### AVAILABLE DATA
■ ■ ■ ■ ■ ■ ■
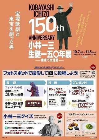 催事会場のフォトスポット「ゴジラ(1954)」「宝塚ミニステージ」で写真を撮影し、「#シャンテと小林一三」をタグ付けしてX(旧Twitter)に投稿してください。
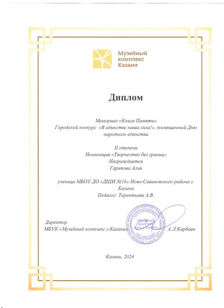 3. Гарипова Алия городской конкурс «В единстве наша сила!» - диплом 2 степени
■ ■ ■ ■ ■ ■ ■
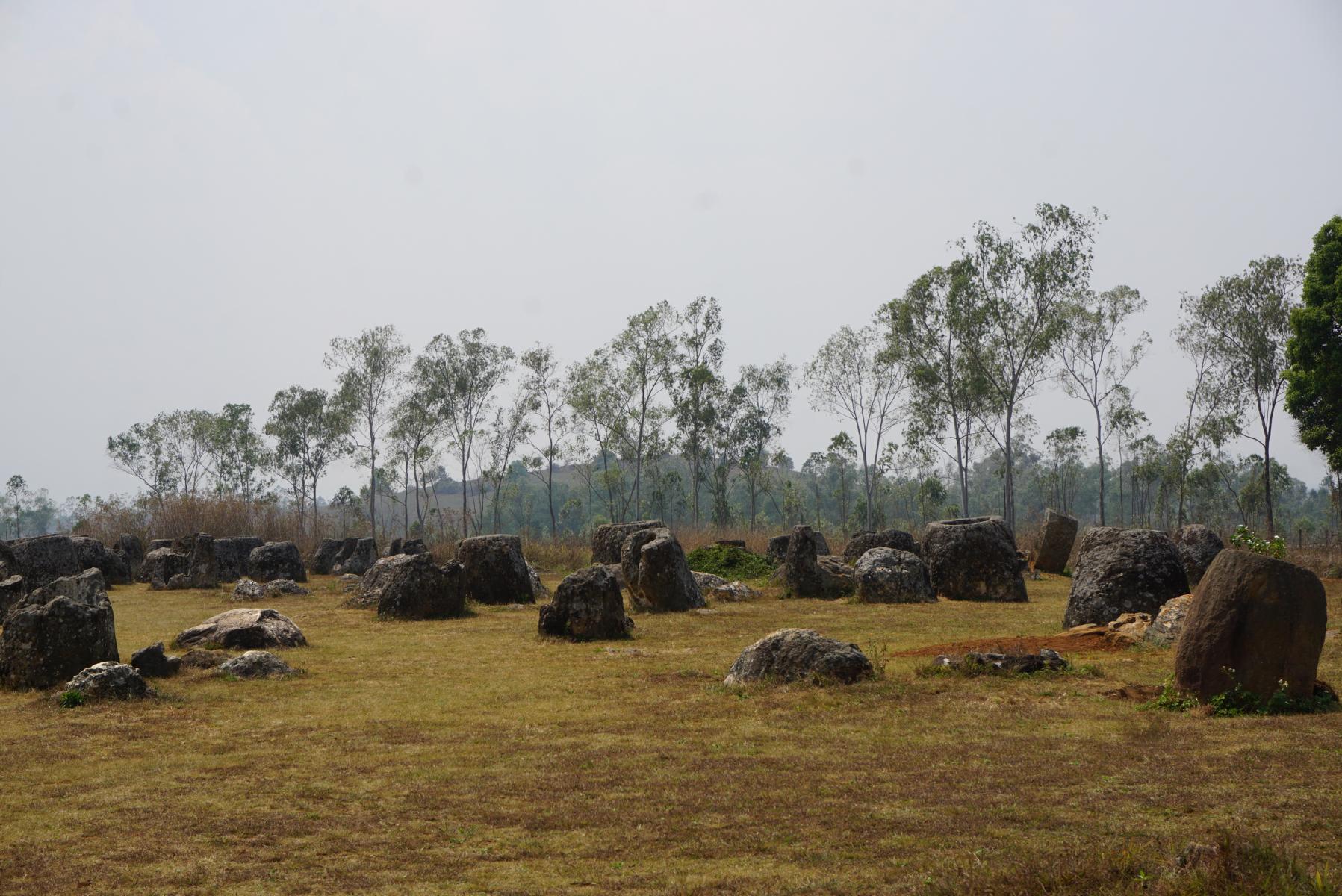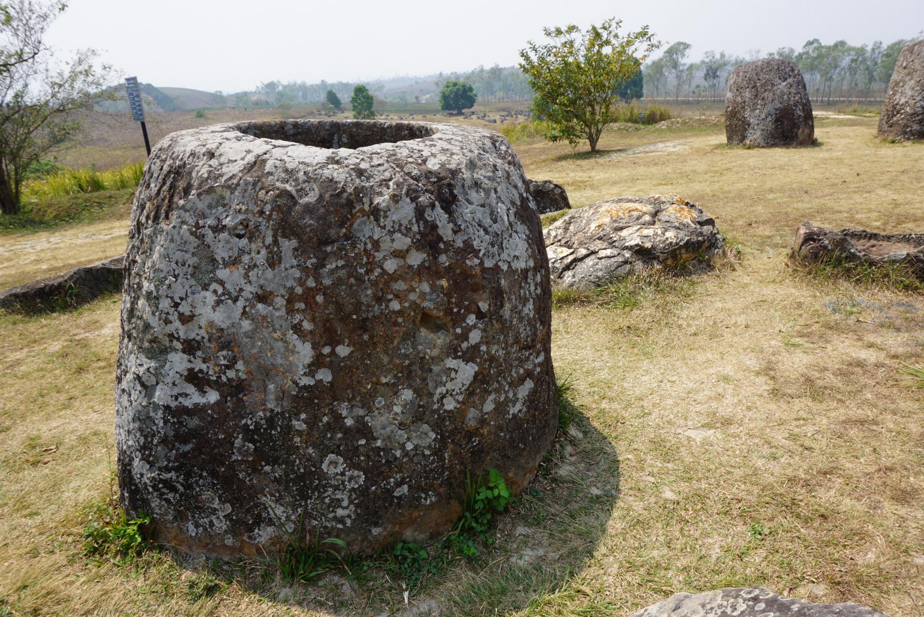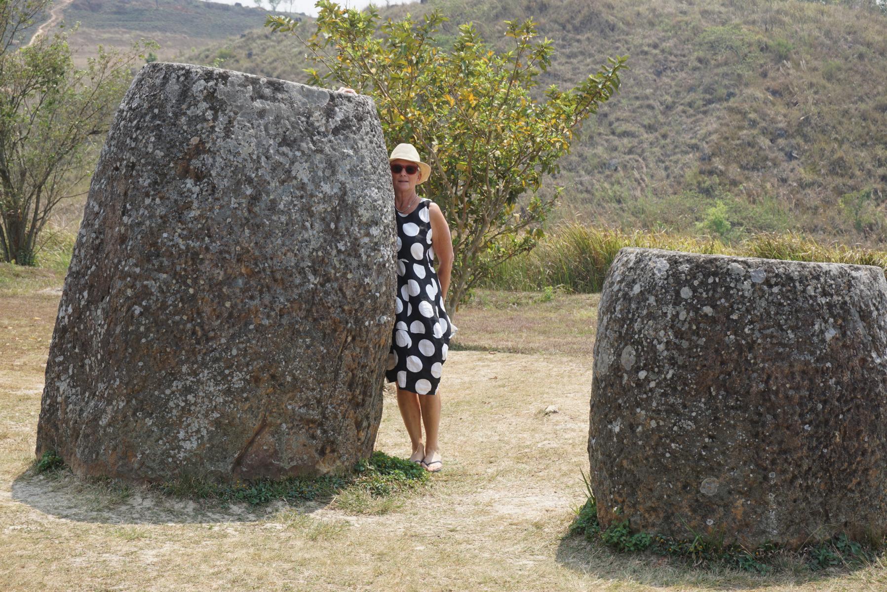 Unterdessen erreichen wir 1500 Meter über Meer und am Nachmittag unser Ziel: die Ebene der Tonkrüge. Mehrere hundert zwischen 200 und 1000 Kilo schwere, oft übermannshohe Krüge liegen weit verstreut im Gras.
■ ■ ■ ■ ■ ■ ■
### TASK DESCRIPTION
Copy out the lines above from the line containing "催事会場のフォトスポット「ゴ" through the line containing "3. Гарипова Алия", exactly, and keep the pictures out.

### ANSWER TO THIS EXERCISE
 催事会場のフォトスポット「ゴジラ(1954)」「宝塚ミニステージ」で写真を撮影し、「#シャンテと小林一三」をタグ付けしてX(旧Twitter)に投稿してください。
 3. Гарипова Алия городской конкурс «В единстве наша сила!» - диплом 2 степени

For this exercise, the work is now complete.